**Work to be completed:** In your copy of the listing below, reproduce each word exactly and include no pictures.

**Data section:**
═══
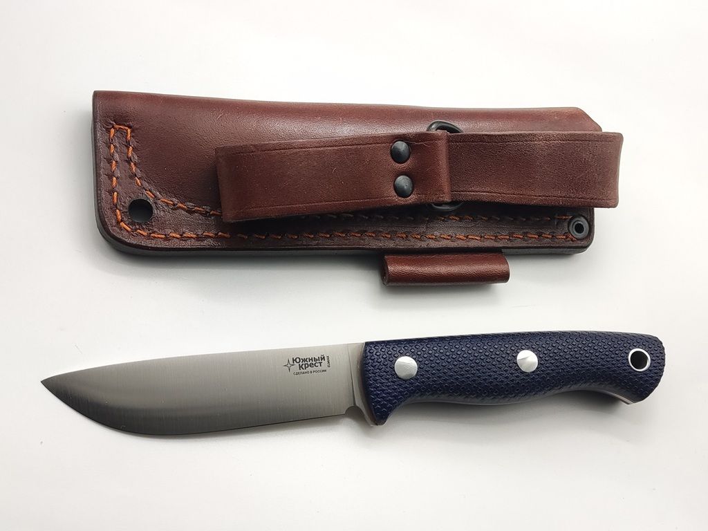 В комплекте с ножом Caribou L идут ножны прямоугольной формы из натуральной кожи коричневого цвета с оранжевой ниткой. Ножны можно носить как на ремне, так и на свободном подвесе. Ножны снабжены пластиковой вставкой для предотвращения пореза кожи при неаккуратном вложении ножа в ножны. Имеется отверстие для отвода влаги и слот для ношения огнива. Обязательным элементом дизайна является тиснение логотипа Южный Крест.
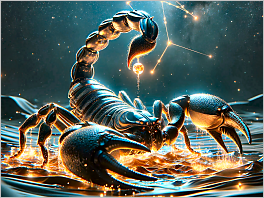 62. Photorealistic medium shot of Scorpio, depicted as a majestic scorpion with a tail that sparkles like a constellation. The scorpion emerges from a pool of deep, shimmering water, and its pincers hold a radiant gem. The backdrop is a desert night with the constellation of Scorpio shining dominantly.
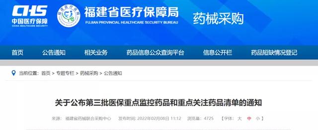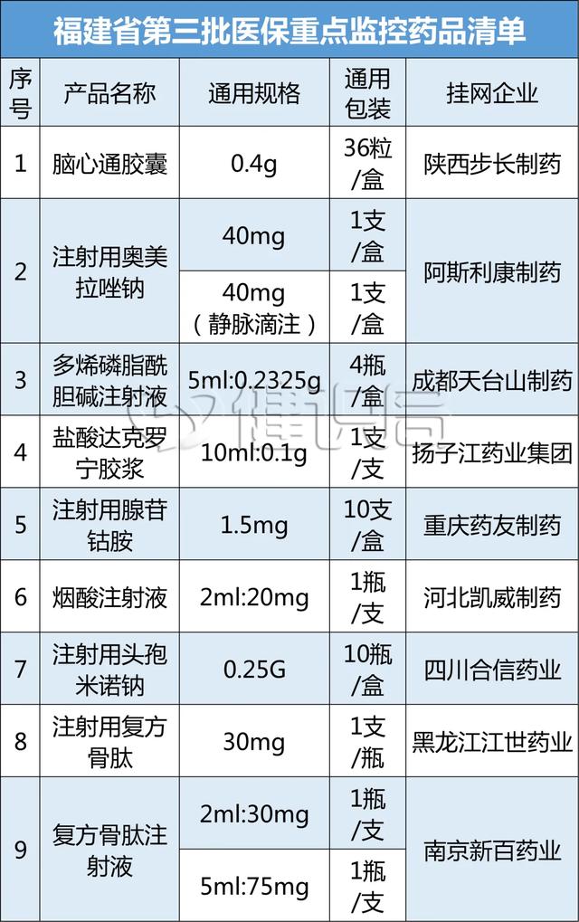 监控了个寂寞 2月8日,福建省医保局公布了《第三批医保重点监控药品清单》,涉及步长制药的脑心通胶囊、阿斯利康的注射用奥美拉唑钠等9种产品。 图源:福建省医保局官网 《清单》强调,曾被列入前两批清单中的产品,除本次继续“上榜”的之外,其余均不再执行
═══
**Exercise output:**
 В комплекте с ножом Caribou L идут ножны прямоугольной формы из натуральной кожи коричневого цвета с оранжевой ниткой. Ножны можно носить как на ремне, так и на свободном подвесе. Ножны снабжены пластиковой вставкой для предотвращения пореза кожи при неаккуратном вложении ножа в ножны. Имеется отверстие для отвода влаги и слот для ношения огнива. Обязательным элементом дизайна является тиснение логотипа Южный Крест.
 62. Photorealistic medium shot of Scorpio, depicted as a majestic scorpion with a tail that sparkles like a constellation. The scorpion emerges from a pool of deep, shimmering water, and its pincers hold a radiant gem. The backdrop is a desert night with the constellation of Scorpio shining dominantly.
 监控了个寂寞 2月8日,福建省医保局公布了《第三批医保重点监控药品清单》,涉及步长制药的脑心通胶囊、阿斯利康的注射用奥美拉唑钠等9种产品。 图源:福建省医保局官网 《清单》强调,曾被列入前两批清单中的产品,除本次继续“上榜”的之外,其余均不再执行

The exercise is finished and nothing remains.